Best results in major championships
- Masters Tournament: DNP
- PGA Championship: DNP
- U.S. Open: DNP
- The Open Championship: CUT: 1966, 1967

= Finlay Morris =

Scottish golfer (1945–1967)

Finlay Smith Morris (September 1945 – 18 November 1967) was a Scottish professional golfer. He was Boys Amateur Champion in 1961 and won the Coca-Cola Tournament at Haggs Castle in 1967. He was killed in a road traffic accident at the age of 22.

==Golf career==
Morris won the Boys Amateur Championship in 1961 beating Clive Clark 3&2 in the final. He was only 15 years old and was the youngest boys champion since the first Championship in 1921 when the age limit was 16 rather than 18. The previous year Morris had reached the semi-final before losing 2&1 to the eventual winner.

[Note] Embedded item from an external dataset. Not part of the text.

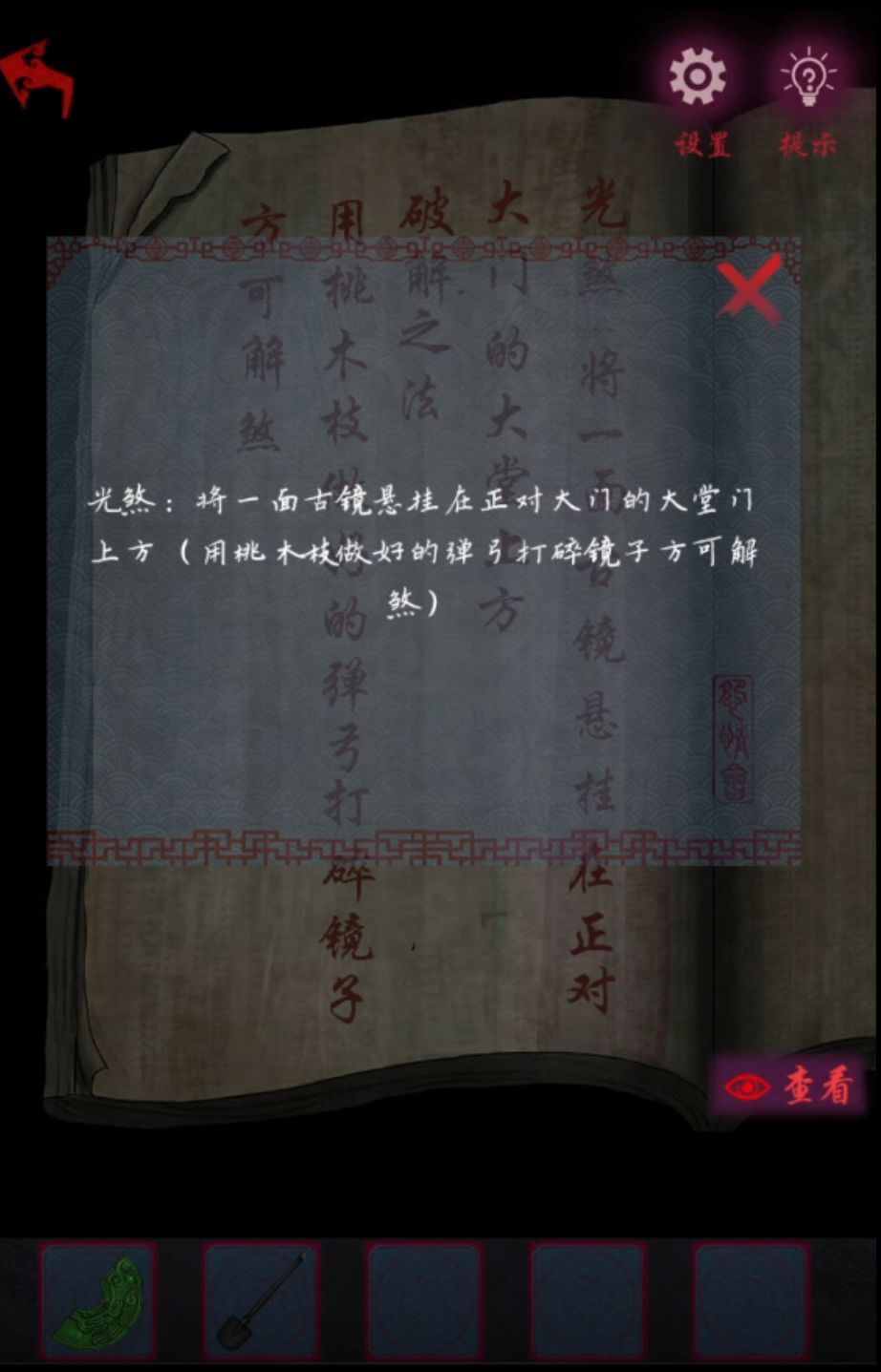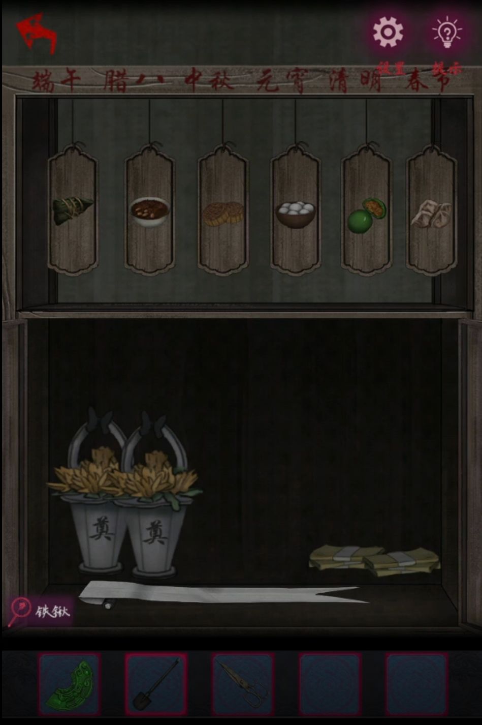 然后右下角柜子下面拿到一把铲子,正经人谁会在自己卧室放把铲子???柜子上面有本书写了各种布煞解煞方法,三页有点多,总结一下就是去假山上挂一串古钱,把门上镜子打碎,风铃从卧室拿到屋外,就算是章节目标吧。回到正房从棺材左边竹篮里拿到一把剪刀,回到庭院左边红衣女站的地方旁边有个柜子,上面是节日和食物的对应,这个米雪超熟!端午粽子腊八粥中秋月饼元宵汤圆清明青团春节水饺,什么节日都能吃五花肉!

Morris turned professional in late 1963. Initially an assistant at Crews Hill Golf Club in north London, he returned to Scotland after a few months to be assistant at Littlehill Golf Club, north of Glasgow. His father was the manager at the nearby Cawder Golf Club. Morris had little success in his first few years as a professional but had some good performances in 1967. In May he was runner-up in the Scottish Professional Championship, three shots behind Harry Bannerman but five strokes ahead of the rest of the field. In August he won the Scottish Coca-Cola Tournament at Haggs Castle with a 72-hole aggregate of 262 (66-63-67-66), 15 strokes ahead of David Huish, who took second place, taking the first prize of £200.

==Death==
Morris died in a road traffic accident on 18 November 1967 aged 22. Morris had been competing in the first semi-final of the Shell Winter Tournament at Mere Golf Club, Mere, Cheshire, but had failed to qualify for the final. Morris had reached the semi-final through a qualifying contest at Hilton Park, north of Glasgow, on 4 November. He had been a late replacement, scored 73, and only reached the semi-final by having a better back nine than two others who also scored 73. His father was also seriously injured in the accident.

==Amateur wins==
- 1961 Boys Amateur Championship
- 1962 Carris Trophy
- 1963 Scottish Boys Championship, West of Scotland Amateur Championship

==Professional wins==
- 1967 Scottish Coca-Cola Tournament

==Results in major championships==

| Tournament | 1966 | 1967 |
|---|---|---|
| The Open Championship | CUT | CUT |

Note: Morris only played in The Open Championship.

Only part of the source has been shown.